Repita el proceso para 10 a 20 campos de alta potencia por caso y genere un Dextran Extravascular promedio para cada caso. Aquí se muestra una imagen de una glándula mamaria sana y en desarrollo dentro de un animal transgénico. La vasculatura está etiquetada por TMR Dextran en rojo, epitelio dúctil mamario está etiquetado por la proteína fluorescente dendra2 en verde, y los macrófagos están etiquetados por una proteína fluorescente cian.
Por el contrario, se muestra un carcinoma dúctil invasivo con etiqueta dendra2 trasplantado en un animal con macrófagos y vasos etiquetados. El tejido pulmonar sano se visualizó a través de una ventana de imágenes pulmonares dentro de un ratón con vasculatura etiquetada. Las metástasis pulmonares son evidentes después de la inyección de células tumorales en un animal transgénico con macrófagos etiquetados y vasculatura.
Aquí se muestran imágenes fijas de una película de imágenes intravitales de alto nivel molecular de vasos neo-angiogénicos con etiqueta Dextran de alto peso molecular dentro de un carcinoma invasivo de la mama con etiqueta de dendra2 trasplantado. La línea amarilla punteada denota el contorno del área de fuga vascular transitoria antes, durante y después del evento de fuga. Una puerta TMEM se captura en imágenes en vivo.

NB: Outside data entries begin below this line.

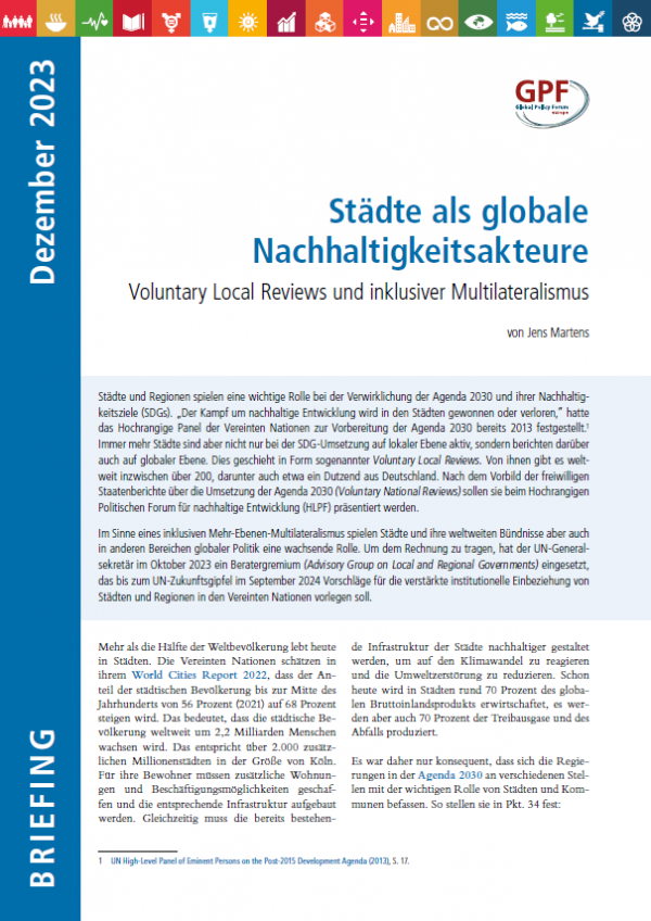 Im Sinne eines inklusiven Mehr-Ebenen-Multilateralismus spielen Städte und ihre weltweiten Bündnisse aber auch in anderen Bereichen globaler Politik eine wachsende Rolle. Um dem Rechnung zu tragen, hat der UN-Generalsekretär im Oktober 2023 ein Beratergremium (Advisory Group on Local and Regional Governments) eingesetzt, das bis zum UN-Zukunftsgipfel im September 2024 Vorschläge für die verstärkte institutionelle Einbeziehung von Städten und Regionen in den Vereinten Nationen vorlegen soll.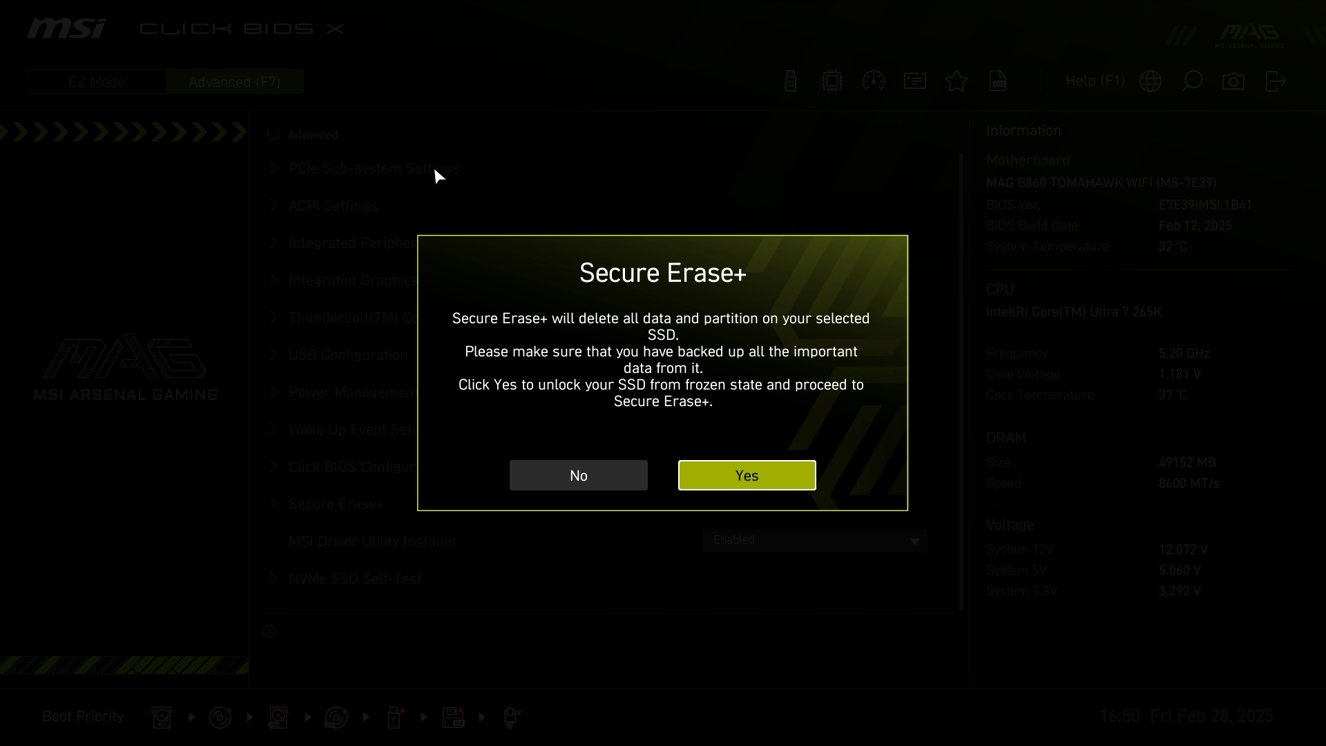 Секция Advanced отвечает за управление всеми присутствующими бортовыми устройствами и элементами материнской платы. Также здесь присутствует функция Secure Erase.
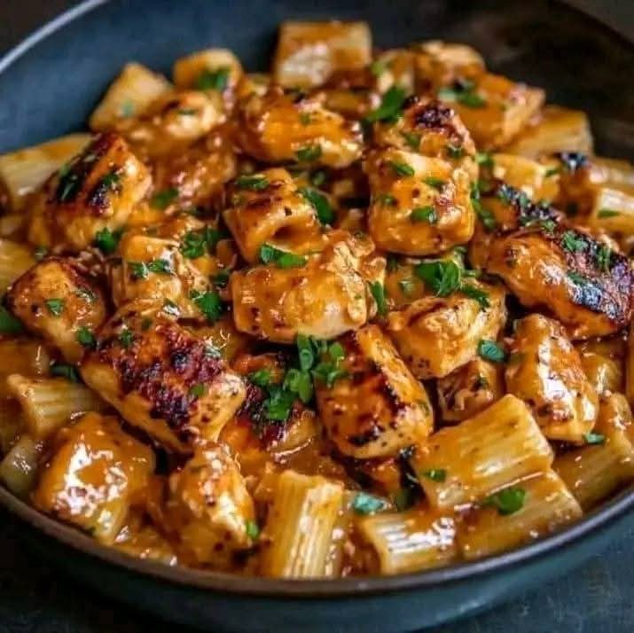 This dish is the ultimate comfort food—a creamy, cheesy pasta featuring golden, pan-seared chicken breasts, rigatoni pasta, and a silky Parmesan sauce. It’s hearty, flavorful, and easy enough to prepare on a weeknight but impressive enough for guests. The rigatoni’s ridges hold onto the sauce beautifully, while the chicken adds a protein-packed, savory contrast.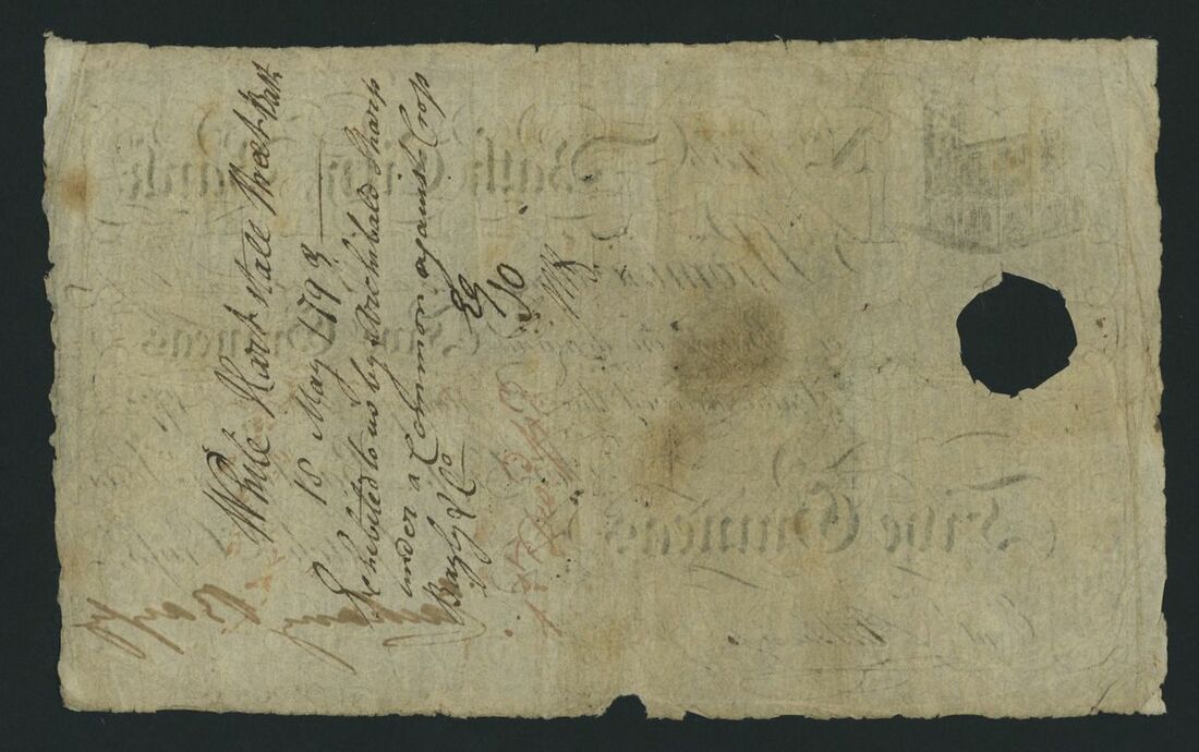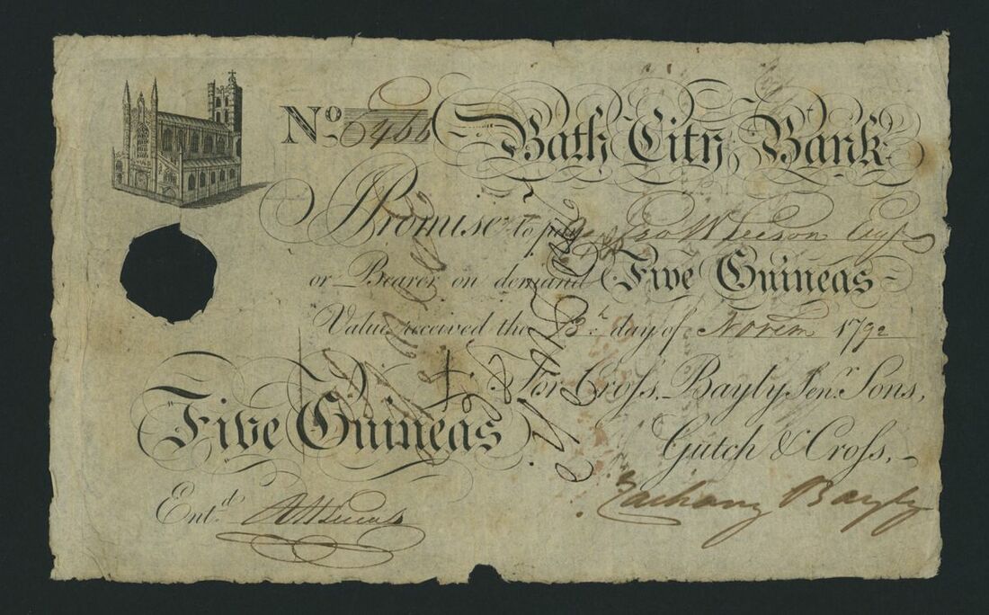 Bath City Bank, 5 Guineas, 13th November 1792, serial number 6466, (Outing 89c), fine, pinholes and punch hole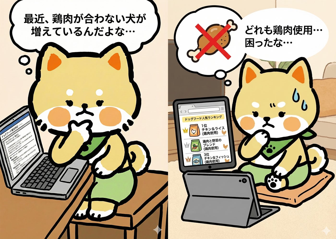 しかし、「鳥肉を使っていないフード」は、探してみると驚くほど選択肢が少ないのが現状です。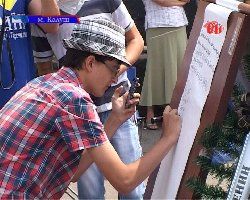В особливий спосіб вирішили звернутися калушани до президента Російської Федерації. Зібравшись на Площі Героїв, вони написали послання від бандерівців лідерові терористів Володимиру Путіну. Ініціатори такої неординарної акції - активісти калуського Автомайдану. Відео ТРК РАІ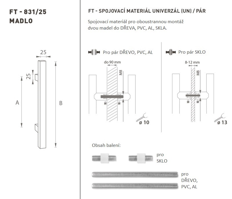 Madlo na dveře je vyrobeno z vysoce kvalitní nerezavějící oceli, známé jako nerez a je povrchově upraveno. Profil madla je 25 x 25 mm. Sada UNIVERZÁL (UN) obsahuje spojovací materiál pro oboustrannou montáž dvou madel do dřeva, PVC, AL, skla.

La inmunofluorescencia multicanal muestra endomucin, de alto peso molecular Dextran, su imagen combinada junto con DAPI, así como los vasos sanguíneos umbralados correspondientes y máscaras Dextran extravasculares. También se muestra la sección secuencial correspondiente de la inmunohistoquímica TMEM. El perfil vascular alejado de TMEM aparece como un perfil vascular no fugado, mientras que el perfil vascular asociado a TMEM aparece como un perfil vascular con fugas.
Es muy importante evitar cortar los vasos sanguíneos que suministran el tumor durante la exposición quirúrgica del tumor. La metodología descrita aquí se puede combinar con el tratamiento farmacológico, lo mismo que inhibe la función TMEM, la prevención de la permeabilidad vascular, o incluso la normalización de la vasculatura tumoral para medir su impacto y eficacia. Con estos protocolos hemos demostrado previamente que la quimioterapia mejora la permeabilidad vascular y la diseminación de células cancerosas y, de hecho, que estos cambios pro-metastásicos pueden ser eludidos por la administración conjunta de inhibidores de la función TMEM.